Photo illustration by John Lyman



While UK Helps Smokers Quit, U.S. Cracks Down on Vapes

The Food and Drug Administration (FDA) is cracking down on vape companies yet again after recently issuing new fines to four companies. These fines are a continuation of the FDA’s anti-vaping policies which have resulted in several years of burdensome restrictions, including banning flavored vapes and increasing the legal smoking age to 21.

Yet, across the pond, the UK has embraced e-cigarettes as a tool to help smokers quit. America should learn from the UK and ease restrictions on vape products and integrate them into cessation protocols, saving countless lives in the process.

America has seemingly won its “war on tobacco.” Since the 1960s, the U.S. has mandated warning labels on cigarette packaging and heavily taxed cigarette sales. Then, beginning in the 1990s and continuing into the 2000s, indoor and outdoor smoking bans were implemented across the country. These policies have helped propel a 68% decrease in smoking among adults and youth.

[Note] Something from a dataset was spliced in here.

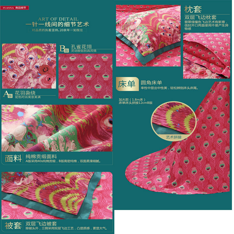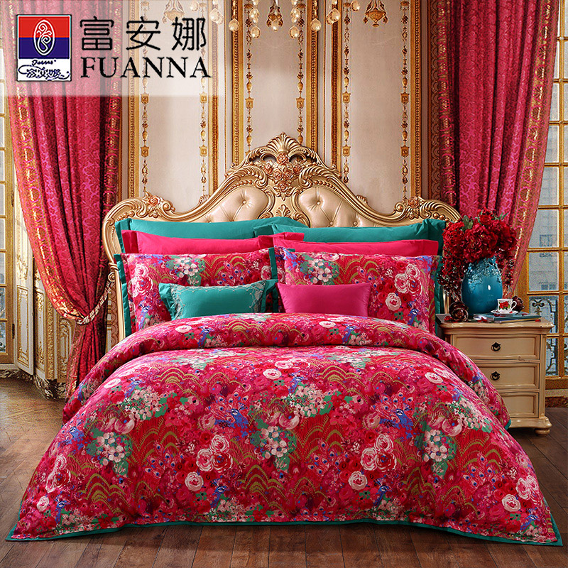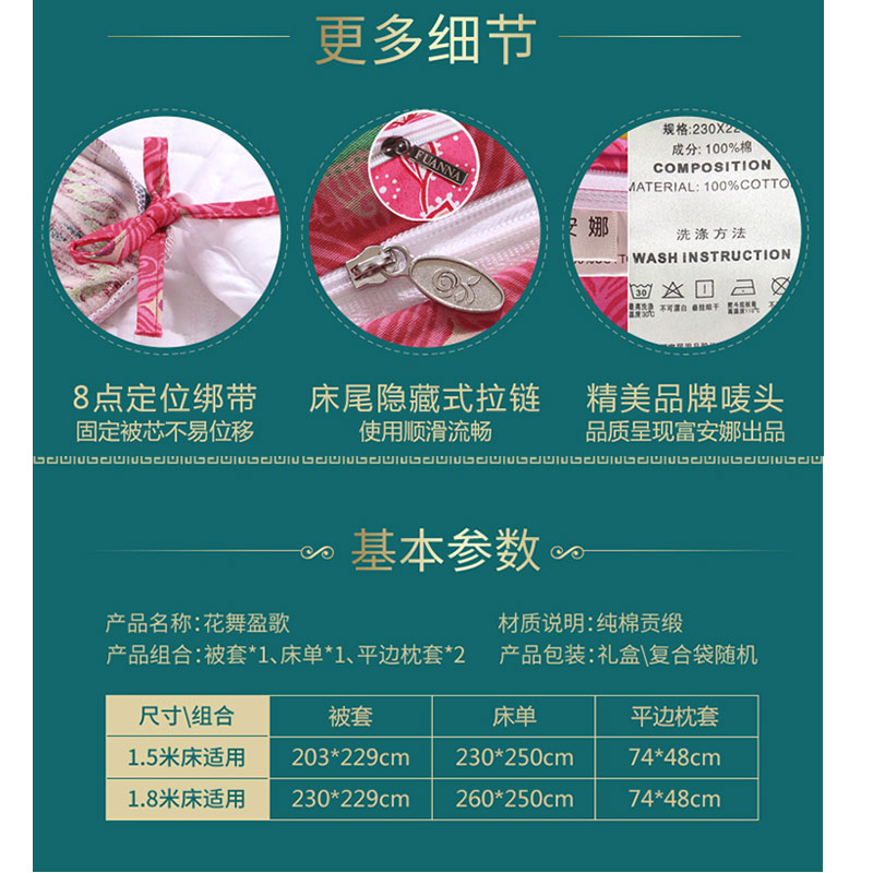 花舞盈歌 床单四件套(被套1件床单1件枕套2件)(适合1.5米床)【纯棉缎纹/红】 |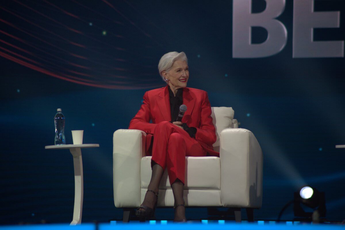 "Веселилась на сцене во время выступления на BeWomen. Также подписывала много книг, надев красивое пальто с ручной вышивкой, озвучила советы для жизни, полной приключений, красоты и успеха", - написала в Instagram Мэй Маск.

Yet, despite this “win,” cigarette smoking remains a serious health concern. Even after decades of progress, it remains the leading cause of preventable death in the U.S., accounting for 1 in 5 deaths every year. So, while U.S. policies have helped prevent many folks from becoming smokers, they have done little to help current smokers who still have difficulty quitting.

This is not to say there have been no efforts made to address cessation. Numerous public health campaigns have been undertaken to help people quit smoking by providing smokers with education, counseling, and treatment. These campaigns have helped many people quit. However, once e-cigarettes came onto the market, it became immediately clear to researchers and doctors that they could be an even more effective way to help people quit, or at the very least shift to a safer alternative.

According to the UK’s National Health Service, smokers who use e-cigarettes as cessation devices are twice as likely to quit as those using traditional cessation tools. A recent meta-analysis conducted by Cochrane, a leading British medical research group, has found similar results, indicating that six months after beginning treatment, only 6% of those using traditional treatments were still abstaining from smoking, while 9-14% of those using e-cigarettes were still abstaining. Additionally, vapes were found to be 95% safer than traditional cigarettes since they do not produce tar or carbon monoxide and reduce the concentration of harmful chemicals when inhaled.

E-cigarettes’ success as a cessation tool is largely rooted in the fact that the user can still maintain the same rituals they had with cigarettes, just in a safer way. The NHS has followed the science, and they currently recommend vapes to current smokers as a cessation tool and now even prescribe them.

In contrast, American policymakers have remained concerned that vapes might reverse declining trends in smoking, especially among teenagers. Policymakers and anti-smoking advocates cite concerns that e-cigarette companies intentionally market to youth by highlighting their fruit-flavored options, sponsoring music concerts, and using emotional appeals in their ads. In response, the FDA has banned most flavored vaping products. More recently, the FDA has also cracked down on menthol-flavored vapes relying on the same arguments.

Despite their concerns that vapes would be a gateway to smoking, research suggests that non-smoking adolescents are not likely to pick up e-cigarettes in the first place. So, U.S. regulators are fearmongering based on weak evidence that America’s youth is driving the interest in these products.

While the UK heads into the future, the U.S. is staying firmly in the dark ages on e-cigarettes. A majority of Americans still believe that vaping is as dangerous as traditional cigarettes, despite all evidence to the contrary. U.S. policymakers continue to move in a more restrictive direction, while UK policymakers have updated their practices based on the available evidence. Lost in the middle of all of these restrictions are American smokers who will never have a chance to try an effective cessation tool. Millions of Americans still smoke cigarettes every day, yet policymakers still choose to pursue the perfect in spite of the good.

The precautionary principle has held back U.S. regulators from approving life-saving vaccines in the past, and now it will stop vape companies from helping people kick their nicotine habit. In the pursuit of avoiding any and all risks, they have left behind the people at the highest risk: the lifelong smokers who have never successfully quit. The U.S. should take a cue from the UK by embracing these new e-cigarette technologies as powerful tools for smoking cessation.